■ **What you are asked to do**
Starting at the first line of the listing below, repeat each line exactly until you have repeated the one containing "one side. |"; skip the pictures.

■ **Given material**
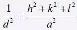 因为大多数是低指数的衍射斑点,所以-5≤h≤5、-5≤k≤5、-5≤l≤5,且通常取整数。这个数据库是不是瞬间变得非常大了,也就是(h,k,l)组合有11×11×11=1331种。莫要慌,这次你还得静下心来慢慢计算。立方晶系的晶面间距计算公式为:
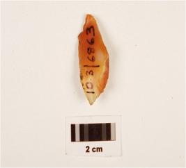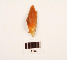| Description / विवरण | A side scraper made on chalcedony flake, smooth surface, flake scars visible on one side. |
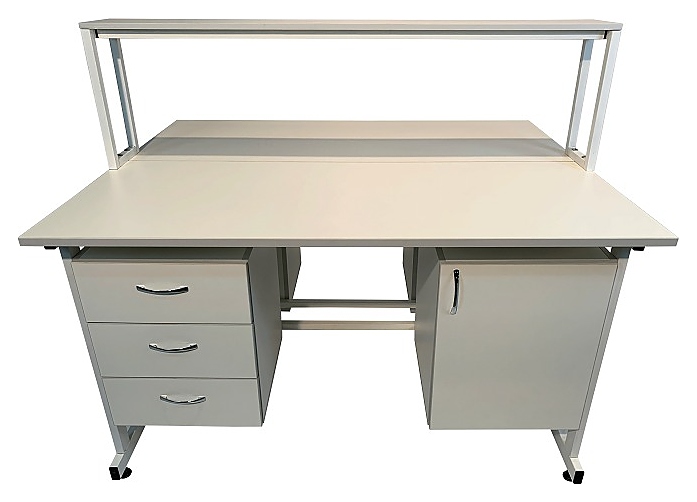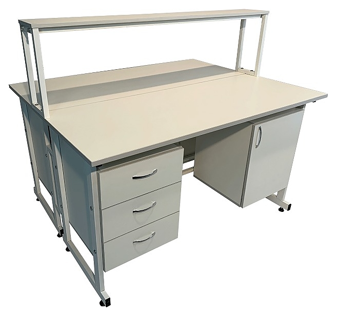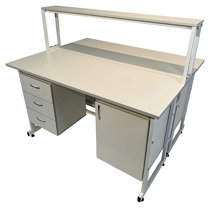 Островной лабораторный стол Мед Мебель Сло 22.012 с РУ предназначен для оптимизации и рационального использования рабочего места сотрудников лабораторий. Модель оснащена 44 тумбами: 2 тумбы - с дверцей, 2 тумбы - с 3 выдвижными ящиками, надстройкой-полкой посередине столешницы, которой могут пользоваться одновременно два сотрудника, и регулируемыми по высоте ножками за счет винтовых опор-регуляторов. Каркас обеспечивает надежность и прочность конструкции. Столешница выполнена из ЛДСП, каркас - из стального профиля, покрытого порошковой краской. Стол поставляется с регистрационным удостоверением. Особенности:

■ **Answer space**
 因为大多数是低指数的衍射斑点,所以-5≤h≤5、-5≤k≤5、-5≤l≤5,且通常取整数。这个数据库是不是瞬间变得非常大了,也就是(h,k,l)组合有11×11×11=1331种。莫要慌,这次你还得静下心来慢慢计算。立方晶系的晶面间距计算公式为:
| Description / विवरण | A side scraper made on chalcedony flake, smooth surface, flake scars visible on one side. |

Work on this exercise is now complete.